[SUPPLIED DATA — start]

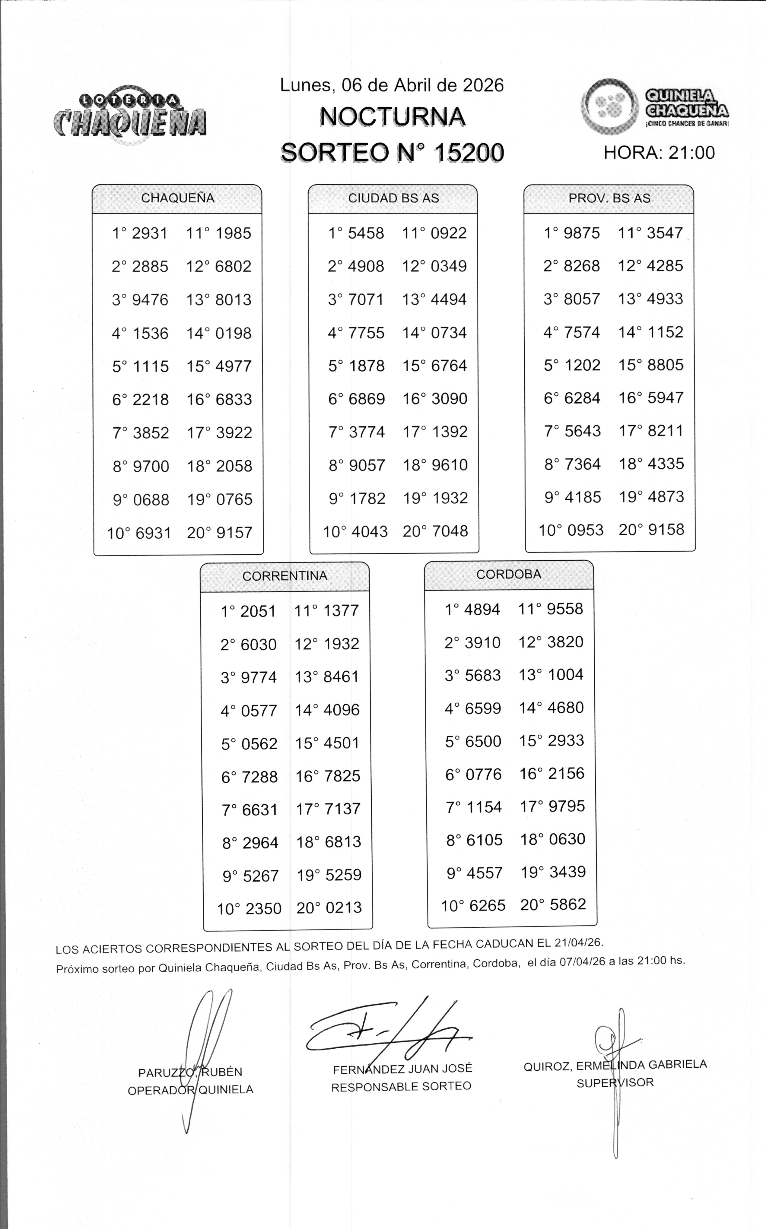 - N° de Sorteo: 15200
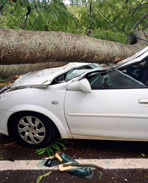 As imagens do local chamam a atenção pela gravidade do impacto. Um dos galhos atravessou o veículo, passando muito próximo de regiões vitais do condutor, como o peito e a cabeça. O carro teve danos de grande monta.
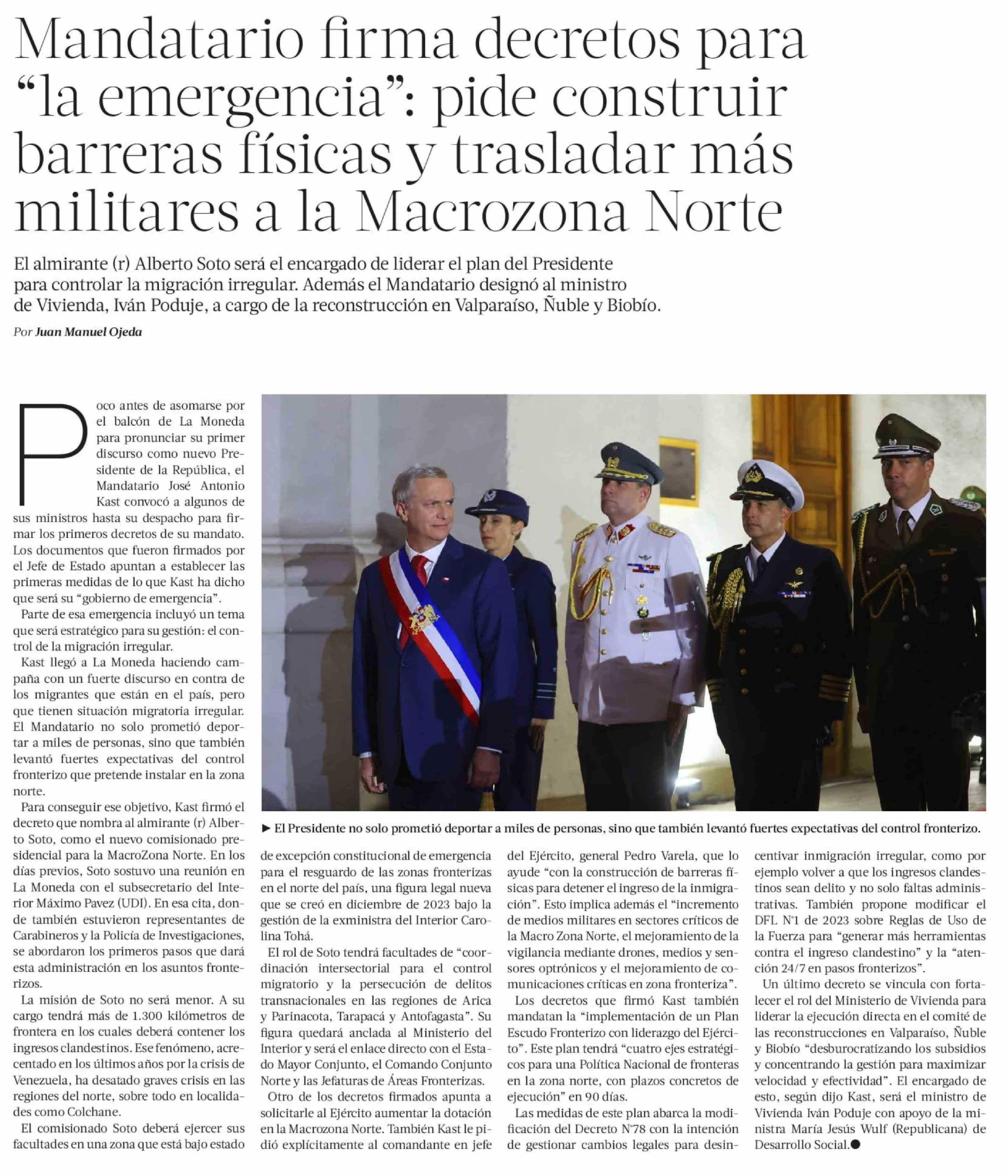 Título: Mandatario firma decretos para "la emergencia": pide construir barreras físicas y trasladar más militares a la Macrozona Norte

[SUPPLIED DATA — finish]

» **HOW TO COMPLETE THIS TASK**
Everything above should be given again exactly, apart from the pictures.

» **TASK RESPONSE**
 - N° de Sorteo: 15200
 As imagens do local chamam a atenção pela gravidade do impacto. Um dos galhos atravessou o veículo, passando muito próximo de regiões vitais do condutor, como o peito e a cabeça. O carro teve danos de grande monta.
 Título: Mandatario firma decretos para "la emergencia": pide construir barreras físicas y trasladar más militares a la Macrozona Norte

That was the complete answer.